> in Rust it's a compile-time error to use a variable whose value is moved out, whereas in C++ the variable is still usable but has an invalid value
C++ does it this way because there are common cases in systems code where doing it the Rust way would literally be unsafe. Not all memory references are visible at compile-time and may exist outside the address space.
Would you mind elaborating more on those common cases? I'm not sure I've heard of destructive moves being less safe than non-destructive moves and I'm not smart enough to figure out what you're talking about in your second sentence.
Shared address space. Some other process or silicon can read or write the object you just moved but doesn’t know you moved it. You need to keep the memory previously occupied by the moved object valid long enough for those references to realize you moved it to prevent corruption.
A typical case is high-performance I/O, which uses a lot of DMA. DMA is oblivious to most programming language semantics like lifetimes, ownership, etc and will happily step all over your address space if you aren’t careful.
I'm curious to hear more about this use case. The DMA I do in rust is generally static buffers, because I'm not sure how to pass the borrow checker otherwise. (There are ways). Generally, you set up a static [u8] buffer, and pass its pointer to the hardware that's doing the DMAing. Then magic, then the buffer gets read or written by the hardware. In this scenario, the variables never go out of scope. Am I cheating, and avoiding this issue by using static buffers? If the buffer drops during a DMA transfer, I believe UB happens.
I'm suspicious a similar principle happens with memory-mapped flash memory as well, e.g. QSPI.
This just means that affine types aren't the right tool to model memory that you don't have full control over. Which is true, but also represents a very small subset of overall data.
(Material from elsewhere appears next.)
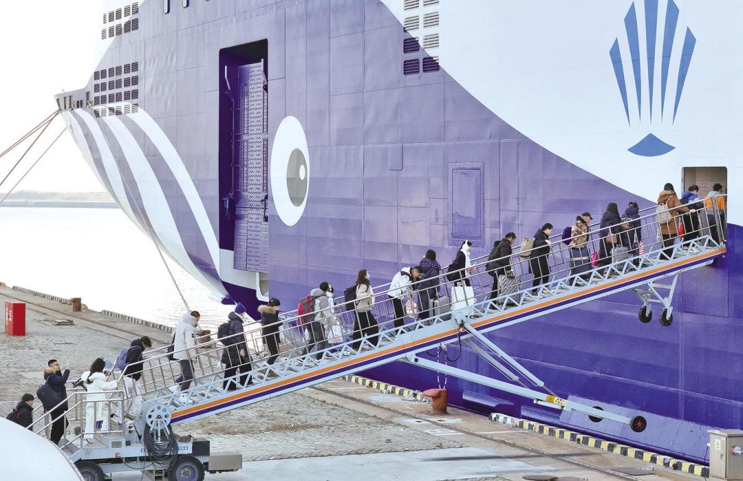 昨天是元旦假期最后一天,烟台各交通枢纽迎来返程客高峰。图为旅客在山东港口烟台港乘船前往大连。 记者 唐克 摄

Rust provides you with other tools to handle those kinds of situations.
There is a small wart here, which is that (with async Rust) some of these use cases would benefit tremendously from full-fledged linear types, or at least an easy way to run code during async cancellation.
The difference between an affine and a linear type is that the ways in which a linear type is consumed are controllable through encapsulation — for example, imagine you have a type which represents a certain amount of money, and you want to statically prevent the money from being dropped on the floor. Affine types don't prevent that statically, but linear types do. You can still have runtime checks though.
> Some other process or silicon can read or write the object you just moved but doesn’t know you moved it.
That should primarily affect buffers that are inline with the moved object, right? i.e., not static buffers or stuff that's heap-allocated? How common is that scenario? I admittedly generally thought DMA used static buffers, though to be fair I'm not exactly highly experienced in the space.
> You need to keep the memory previously occupied by the moved object valid long enough for those references to realize you moved it to prevent corruption.
How is this (reliably) handled in C++? I feel there's gotta be more than just hoping the empty object hangs out long enough for the rest of the system to catch on (e.g., moving things around near the end of a scope when the empty object will be destroyed "soon").
C++ does it this way because there are common cases in systems code where doing it the Rust way would literally be unsafe. Not all memory references are visible at compile-time and may exist outside the address space.